Last December, the Living Landscape Observer ventured a few predictions for the coming year of 2013. So looking backward, how did we do? Let’s answer the question.
1. The large landscape movement will continue to expand. With no big change in course at the national level the landscape scale programs at the US Fish and Wildlife Service and the Bureau of Land Management will continue to grow and prosper. The America Great Outdoors initiative will frame the work of the Department of the Interior. The National Park Service will issue guidance on how to “Scale Up” efforts around National Park Units. On the private side, conservation organizations will come together around the new Large Landscape Practitioners Network.
Answer: Yes, we were right on! Sally Jewell the new Secretary of Department of the Interior is just as committed to the large landscape approach as former Secretary Ken Salazar: highlighting large landscape efforts US Fish and Wildlife Service and the Bureau of Land Management, encouraging the National parks to Scale Up and issuing departmental Order 3330 “On Improving Mitigation Policies” in part through landscape scale planning . On the nongovernmental side, a new web site to connect large landscape practitioners is launching in the New Year.

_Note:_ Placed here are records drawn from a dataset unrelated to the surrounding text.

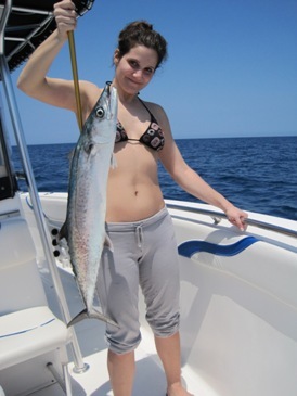 It was another exceptional day well offshore on Friday, when I fished with Chris Lemonis, his sister, Argie Lemonis, and their dad, George. We fished several spots between 28 and 37 miles west of New Pass, in depths of 55 to 72 feet. We came back with 43 fish and we also released even more than that. We caught a keeper red grouper at 21 inches, and released about 40 grouper in all, including reds to 19 ˝ inches and gags to 21 inches. We also caught a 36-inch king mackerel, 25 keeper lane snapper, two keeper yellowtail snapper at 13 inches each, and a mess of nice whitebone porgies that ranged 16 inches to 19 inches. We used shrimp for those catches, but then we switched to using some spot-tail grunts, which was the ticket for some shark. We released a 38-inch sharp-nose shark and a sandbar shark that was over six-feet long and estimated at over 100 pounds. We also released about fifteen mangrove snapper shorts.
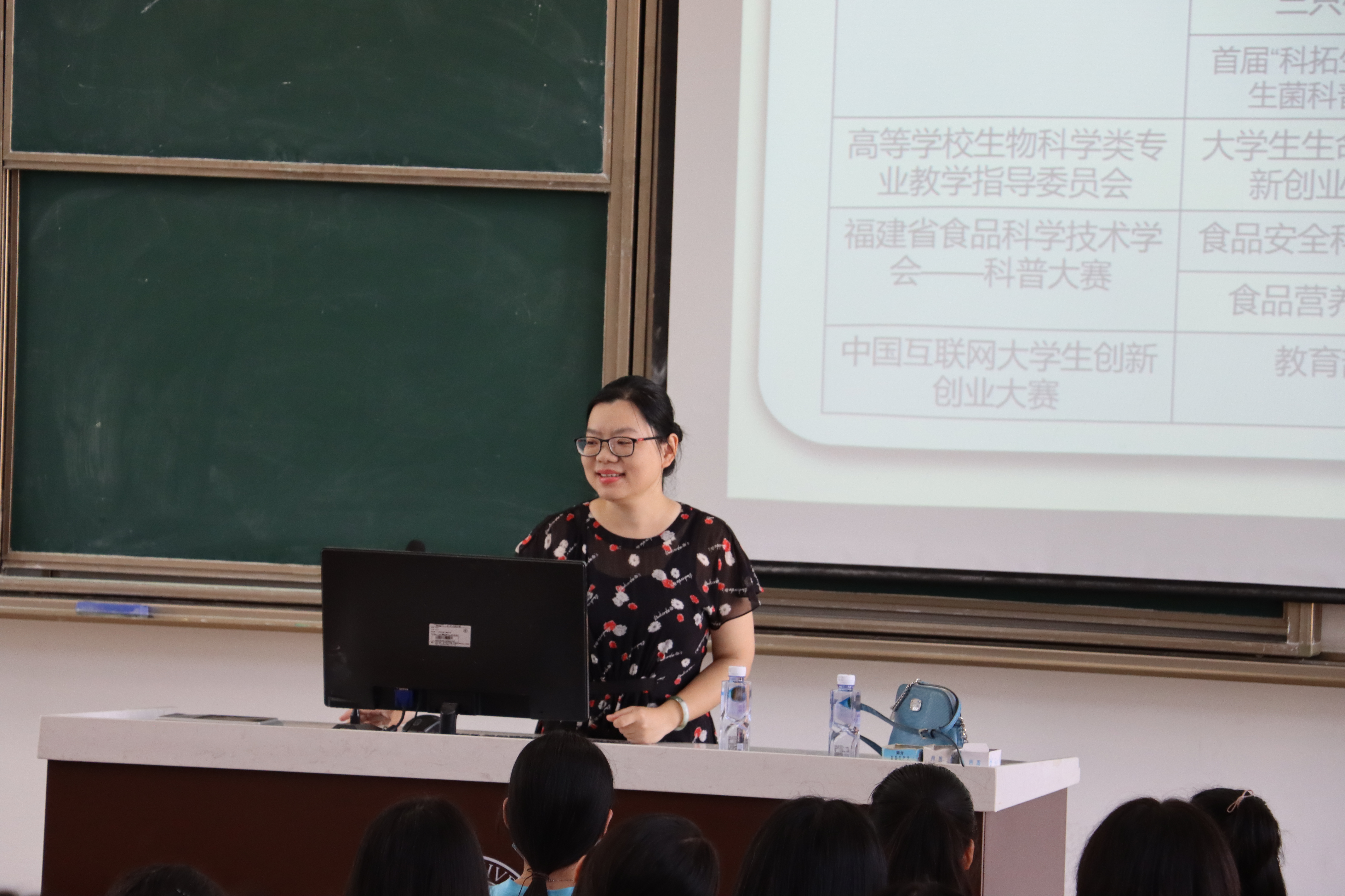 专业相关的创新类竞赛,比如IFF营养与健康两岸学生创新大赛、李锦记创新大赛、大学生生命科学创新创业大赛,并详细说明了比赛流程和比赛难度。随后,张雯老师向同学们展示了往届优秀产品计划书与历届获奖情况。张雯老师指出,参加这些大学生创新创业大赛不仅可以提升自己的科研创新能力,而且还可以增加人生阅历、培养团队合作精神,表现优秀的还能拿到丰厚的奖金。
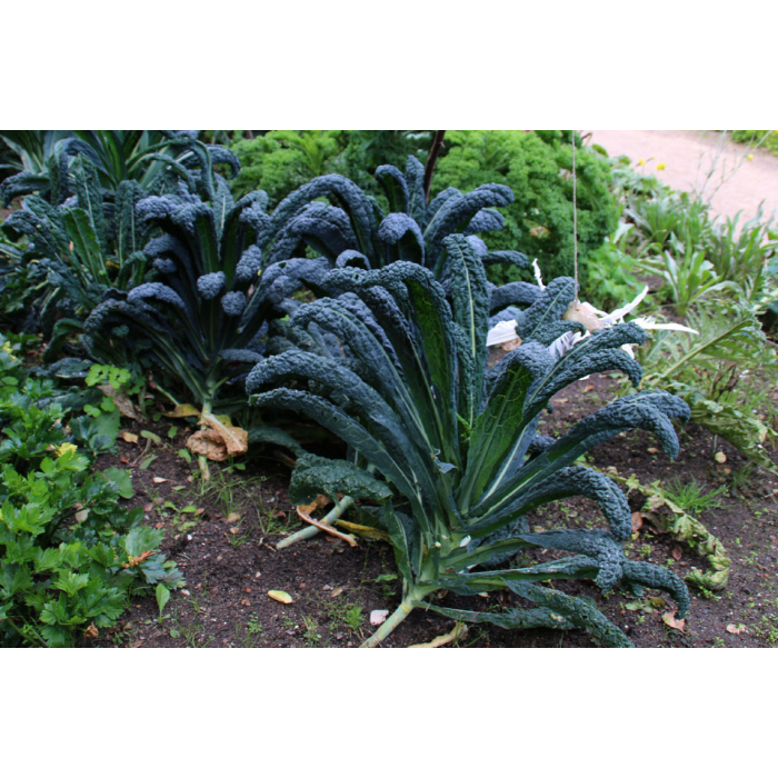 Донедавна кале Чорна пальма, Кавало Неро, або капуста Динозаврів був одним із найпотаємніших секретів Італії, про нього стало відомо лише в 19 столітті. Просто обожнюваний, особливо в Тоскані, він був важливим компонентом традиційних страв протягом століть. Неро ді Тоскана є членом сім'ї Кале, а не звичайною капустою. Вона дуже холодостійка і добре переносить літню спеку, терпітиме умови, які змусили б більшість капуст загинути. Витримує морози до -20 °С і всю зиму у Вас на городі будуть красуватися грядки цієї ажурної калі. Прекрасний урожай для зимового сезону. Смак та текстура покращуються, коли на початку зими настають морози, що вивільняють її цукор. Кале – це фантастична зимова супер-їжа, її можна збирати до весни. Чудова зимостійкість робить цю калі першим весняним овочом, коли інших садових продуктів ще мало. Рослини у вигляді пальми висотою від 90 до 200 см з ланцетним, прямим, димчастим чорно-зеленим листям, близько 60 см завдовжки, зморщеними і красивими, як висока савойська капуста. Легко вирощується для дитячого листя цілий рік. Популярна в Італії для приготування казкових супів та рагу, чудова при звичайній обсмажуванні. Для збору молодого листя калі висівають з ранньої весни до початку осені. Їх постійно збирають через 8 тижнів після сходів, залишаючи рослини, які зростуть до зрілих зимових калі.
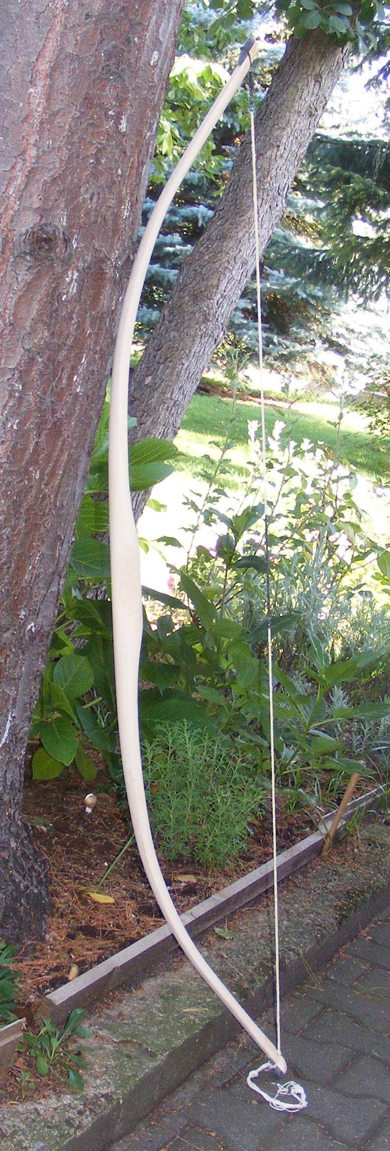 Der letzte jetzt hat schon wieder über 53#@28", ist 1,6m lang und besteht aus Esche mit Bongossi Facing. Bin sehr zufrieden mit dem Bogen, nur ist er zu stark und kann deshalb nicht mein Lieblingsbogen sein.

2. National Heritage Areas will be pulled back from the brink. One of the country’s premier large landscape programs, the National Heritage Areas, are in a precarious position. The twelve original areas are facing a loss of funding and most of the newer areas are severely underfunded. We predict the program will be rescued, but remain unsure on whether much needed program legislation will be passed.
Answer: Just barely, but nobody is a winner in this game of chicken. In 2013 the sequester followed by the government shutdown played havoc with all protected area programs. National Heritage Areas were particularly hard hit. For example, the future of the Blackstone River Valley National Heritage Corridor is very problematic. Once a shining example of public private partnership, it is struggling to keep the doors open, more on this story in the coming months.
3. The concept of cultural landscapes will be revitalized. New ideas about cultural landscapes including Indigenous Cultural Landscapes and Historic Urban Landscapes are attracting new and diverse audiences, including the conservation community, regional planners and urban developers. Look for these approaches to proliferate and shake up traditional concepts of cultural significance. Just one example of new ways to think about landscape is what’s happening at the Presquile National Wildlife Refuge.
Answer: On track to succeed, the National Park Service launched a series of initiatives to rethink the meaning of cultural landscapes in the National Register program. For more information on another innovative idea, the Indigenous Cultural Landscape Initiative, see our post on the sessions at the George Wright Conference in March of 2013.
4. The Gullah Geechee National Heritage Corridor will be in the spotlight. This is a given – after all the Commission has been honored by an invitation to march in the 57th Presidential Inaugural Parade on January 21, 2013. With a newly completed Management Action Plan, this should be an important year for the preservation of this national treasure. See our post on the Gullah Geechee National Heritage Corridor.
Answer: Congratulations to the Gullah Geechee Corridor for their strong promotional efforts in 2013. These include offering banners and highways signs for the region and advancing awareness of the corridor through gubernatorial proclamations. Despite limited funding and the budget woes of their National Park partner, the corridor is moving forward. The observer covered the float in the Inaugural Parade , the new Gullah Geechee Commission and the challenges of community conservation on Sapelo Island. Despite limited funding and the budget woes of their National Park partner, the corridor is moving forward. The next step, a nationwide search is on for the corridor’s first executive director.
Also in 2013:
Not predicted, but we all should have seen it coming, was the United States’ defunding of UNESCO and the impact this has on the World Heritage program . Just when there is a popular ground swell of interest in World Heritage designation in places as disparate as San Antonio, Texas and southern Ohio, the United States has stepped back. Follow this issue thanks to the work of Preservation Action.
The Living Landscape Observer predicts that there is plenty of unfinished work for 2014. What do you think?